Frequently asked questions

Will my AI tool just tell me what I want to hear?

It will if you let it. Default chatbot behaviour leans agreeable, especially when the user has framed the situation positively. The fix is mechanical. Frame the prompt as a completed failure, not a risk assessment. Ask for the failure mode you are least prepared for, by name. Then ask the model to argue against its own list and find the weakest scenarios. Three turns is the minimum. One turn produces flattery dressed as analysis.

How long does this actually take when I am genuinely time-pressured?

Around two hours of focused time, which compresses comfortably into a 24-hour window before signing. Phase one is roughly 30 minutes to write down exactly what you are committing to (term length, exclusivity, minimum spend, exit clauses). Phase two is 60 minutes with the AI across the three turns. Phase three is 30 minutes consolidating the output into a written risk register and your kill criteria. If you have less than two hours, you have less than enough.

Is this not just a SWOT analysis with extra steps?

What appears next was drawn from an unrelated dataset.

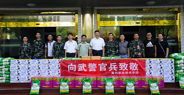 在中国人民解放军第91个“建军节”来临之际,7月30日上午,校党委书记张新佳率党委委员、工会主席、宣传部长郑柏松,校长助理、办公室主任刘明涛,学工处处长、武装部部长熊楚舒,学工处副处长、团委副书记崔现强,学工处朱卫东科长一行来到武装警察部队黄冈支队进行走访慰问,代表学校全体师生员工向部队官兵致以节日问候,并赠送慰问物资。

No, the framing is materially different. SWOT asks you to balance four quadrants, which encourages you to find a strength to offset every weakness and an opportunity to soften every threat. Pre-mortems start from "this failed" as a fact, then work backwards. Klein's lineage is the cognitive psychology of prospective hindsight, not strategic planning, and the Veinott team's 2010 research found pre-mortems reduced overconfidence about twice as much as Pros/Cons-style methods.

This post is general information and education only, not legal, regulatory, financial, or other professional advice. Regulations evolve, fee benchmarks shift, and every situation is different, so please take qualified professional advice before acting on anything you read here. See the Terms of Use for the full position.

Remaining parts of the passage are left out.